In Part 1, we set up an ETW session, connected it to a provider, and started receiving events. The problem is that receiving events is not the same as reading them. What we had at the end of Part 1 was a timestamp, a process ID, and a thread ID. That’s not nothing, but it’s not much either.
In this part, we go further. We use the TDH (Trace Data Helper) API to decode what’s actually inside those events: the event name, keywords, level, opcode, task, and the actual property values. By the end, you’ll have a consumer that produces output you can read and act on.
This is intermediate-level material. You should already be comfortable with basic ETW session setup. If you haven’t watched Part 1, go back and start there. https://trainsec.net/library/windows-internals/capture-etw-events-with-c-part-1/
The Event Record Structure
The OnEvent callback receives an EVENT_RECORD pointer. That structure has an EventHeader, which we used in Part 1 for the timestamp, process ID, and thread ID. But there’s more in that record.
Specifically, there are two members worth knowing about now: UserData and UserDataLength. This is where the actual event payload lives: a raw binary blob containing all the property values for that particular event.
The format of that blob is not officially documented. You can’t just cast it and read it directly. You have to go through the TDH API to interpret it. That’s technically a good thing, it abstracts over a lot of complexity, but it does mean you can’t shortcut it.
TdhGetEventInformation: The Two-Call Pattern
The function we need is TdhGetEventInformation. It takes the event record and fills in a TRACE_EVENT_INFO structure that describes the event’s schema: its name, properties, keywords, and so on.
The complication is that TRACE_EVENT_INFO is variable-length. It contains string data embedded after the fixed-size header, so you can’t just declare it on the stack and pass a pointer. You have to use a two-call pattern:
ULONG bufferSize = 0;
TdhGetEventInformation(record, 0, nullptr, nullptr, &bufferSize);
auto buffer = std::make_unique<BYTE[]>(bufferSize);
auto info = reinterpret_cast<TRACE_EVENT_INFO*>(buffer.get());
TdhGetEventInformation(record, 0, nullptr, info, &bufferSize);
First call: pass null for the buffer, get the required size back. Second call: allocate that many bytes, then fill the structure. The context parameter (the second argument) is not needed for most use cases. You can pass zero and null there.

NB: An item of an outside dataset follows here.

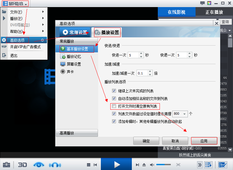 请您进入主菜单——高级选项——播放设置——基本播放设置中,查看您是否勾选”打开文件时清空原有列表”

Don’t forget to link against tdh.lib:
#pragma comment(lib, "tdh.lib")The header is tdh.h. In fact, I’d say it’s worth reading in full. The comments in that header are better documentation than anything on MSDN for understanding how ETW properties work.
Reading Event Metadata from TRACE_EVENT_INFO
Once you have a filled-in TRACE_EVENT_INFO, you can start pulling out event metadata. The structure uses offsets: each field like EventNameOffset, KeywordsNameOffset, OpcodeNameOffset, TaskNameOffset, and LevelNameOffset gives you a byte offset from the beginning of the structure where the corresponding Unicode string is stored.
The pattern for reading any of these is always the same:
if (info->EventNameOffset) {
auto name = reinterpret_cast<PCWSTR>(
reinterpret_cast<PBYTE>(info) + info->EventNameOffset
);
// use name
}Always check the offset first. If it’s zero, that field isn’t present for this event. That’s expected. Not every event has every metadata field populated.
Doing this for all five fields gives you noticeably more readable output. Instead of seeing “process 1234 generated an event,” you see something like: keywords Work On Behalf, opcode Info, task CPU Priority Change, level Information. Now you know what happened.
Enumerating Event Properties
Metadata strings are useful, but the real payload is in the properties. That’s where you get the actual values: the new thread priority, the image path of a loaded DLL, the stack base of a terminated thread.
Properties are described by the EventPropertyInfoArray inside TRACE_EVENT_INFO. The number of top-level properties is in TopLevelPropertyCount. Top-level means directly attached to the event, not nested inside a sub-structure. Sub-structures exist and add complexity, but in practice most events you’ll encounter use simple top-level properties.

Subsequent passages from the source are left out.